Read an exclusive interview with Polytechnique star Karine Vanasse at WestEnder.com
Virtual JFK: Vietnam if Kennedy Had Lived
By Greg Ursic
When playing the “What if...?” game, most people confine their fantasies to lottery winnings or superstardom. Historians tend to embrace a broader context — like, for instance, what the world be like today if Hitler had been successful as an artist. In Virtual JFK, Koji Masutani uses archival footage and declassified documents to examine Kennedy’s actions during such crises as the construction of the Berlin Wall and the Cuban Missile Crisis to plot a potential course of action for his administration in Vietnam.
The doc’s strengths lie in the many press-conference snippets that highlight Kennedy’s good looks, self-deprecating sense of humour, and sharp wit — and also showcase a vigilant press not afraid to question a standing president and hold him accountable. Masuatani clearly demonstrates Kennedy’s penchant for negotiation over military action, despite considerable and persistent pressure from military advisors and aides, bolstering his thesis that the U.S. response to Vietnam would have been different under Kennedy. Not exactly earth-shattering news.

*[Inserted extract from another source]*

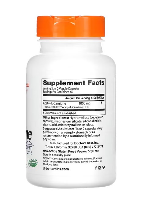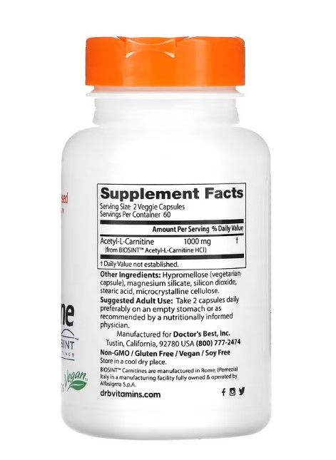 Doctor's Best Acetyl-L-Carnitin mit Biosint Carnitinen, 500 mg, 120 Kaps

Unfortunately, the narration is disjointed. Masutani wastes 20 minutes on President Johnson’s actions in Vietnam, and the film’s title is ultimately misleading: We never get a glimpse of what may have happened if Vietnam hadn’t been ravaged by another 30 years of war — the film’s apparent raison d’être. Still, JFK fans and armchair historians will find this film interesting, especially in light of recent events in U.S. foreign policy.
12
By Kaitlin Fontana
Put simply, 12 is Russian director Nikita Mikhalkov’s adaptation of Sidney Lumet’s 1957 jury drama 12 Angry Men. However, Mikhalkov, who won a Best Foreign Language Film Oscar for 1994’s Burnt by the Sun, is not a simple filmmaker. 12 is a movie with the heft and complexity befitting the work of fellow Russians Chekhov, Tolstoy, and Turgenev.
Set in a dilapidated Moscow high school gym that substitutes for a jury room, the case before the jurors is that of a Chechen boy accused of killing his adoptive father, a Russian army officer. Guilt is assumed, but the first vote, unexpectedly, comes back 11 for guilt, one for innocence.
The resulting debate leads to a series of character studies, ostensibly representing diverse parts of Russia’s modern landscape: an older Jew, a racist cabbie, a knife-wielding surgeon. Through their prejudices, flashbacks of the wars with Chechnya, and their effect on the accused boy, the picture of a monumentally complex, precipice-clinging country emerges.
The film is beautiful and frustrating by turns, and far too long. Over nearly three hours, the squirming the jurors feel at their captivity transfers to the audience, and lengthy monologues begin to wear. At the same time, steps taken to prove or disprove elements of the case come off as light procedural — either too obvious or too tangentially discovered. These distract from the film’s greater ideas (Chechnya, Russia, independence and innocence), and, along with a grand-gesture ending, tend to confuse and conflate the arguments on either side. Complexity and ambiguity in art can reveal much about its origins, but it can also make for a too-tangled web.